01.18.01



CRITIC'S PICKS



By the time I was born, the glory days of the jukebox were long gone. There was one in our small town at a mom-and-pop seafood restaurant, but it was about as racy as the Ms. Pac-Man game that blipped invitingly from the other corner.

Still, I begged quarters from parents and grandparents to feed the hunk of neon and chrome. Punching in numbers with greasy fingers, I’d watch, rapt, as ’45s shuffled and the mechanical arm lifted my choice to the turntable. After a few moments of delicious crackling, the first strains of Laura Branigan’s "Gloria" would boom out in mono, and my classic rock-loving parents would stop shucking oysters to groan loudly. "Again?"

At 6 years old, that kind of control is priceless. I may not have played Sinatra, Elvis or Patsy Cline, the de facto triumvirate of Jukebox culture, but I understood the device’s power. Everyone listened as my crappy selection pumped from the speakers. With a quarter, I owned the room for three minutes.

From the turn of the century, you could find an early form of the jukebox in most corner taverns, an arcade novelty that worked on pennies and piped tinny strains through a tube held to the ear. But the invention of the electric amplifier in 1927 recreated the jukebox as a subversive phenomenon – a cheap mode of entertainment for prohibition-era speakeasies and a forum for the early race music and rock-a-billy that became rock and roll. Early Wurlitzers and Rock-olas, hiding in the corners of shady roadhouses in the Mississippi Delta, introduced whites to R & B and blacks to Carl Perkins.

By the late ’70s and early ’80s, jukeboxes had died as music’s alternative medium. We didn’t need to go to the malt shop to hear the new sound. We had MTV. The jukeboxes lingering in a few bars and family restaurants were no longer indicative of local tastes and talents. Their facades waxed nostalgic for ’50s architecture, but manufacturers stuffed the insides with the same disposable tracks that were heard on the radio.

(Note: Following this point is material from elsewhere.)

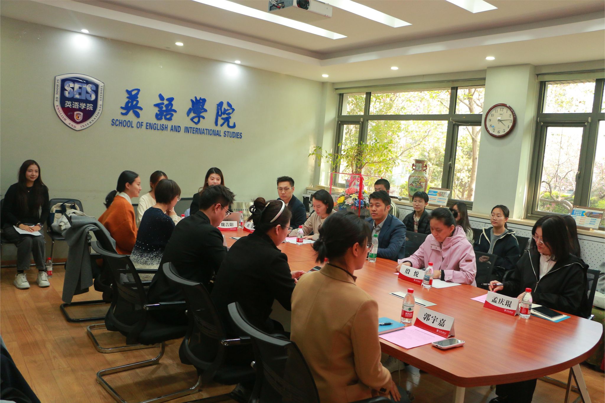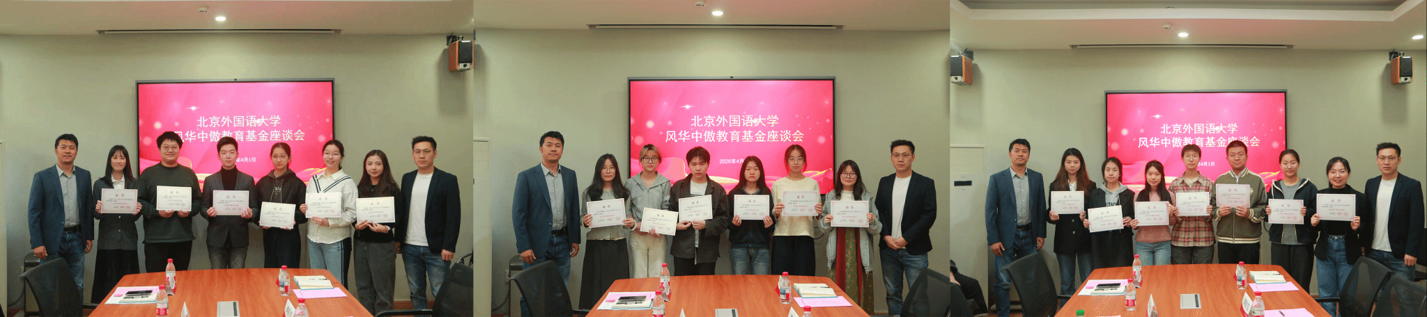 成功举办了“风华中傲教育基金”座谈会。北京风华中傲教育科技有限公司总经理刘帅、运营总经理刘强、营长付永浩、销售代表刘佳莹,北外校友办主任、教育基金会秘书长姚雪,教育基金会王龙仪,探花av

Still, even the lamest jukebox beckons us, especially when drinking. After a few beers, we’ll indulge happily, if guiltily, in dated metal and country standards. An afternoon at Slinky’s on Chimes Street feels like musical Russian roulette: Led Zeppelin, Ozzy, Cheap Trick, Queensryche. It’s that quirky unpredictability, fed by crowd participation, that lends the jukebox bar its charm. A DJ may create a constant vibe, but a jukebox’s erratic play list can define a bar’s clientele.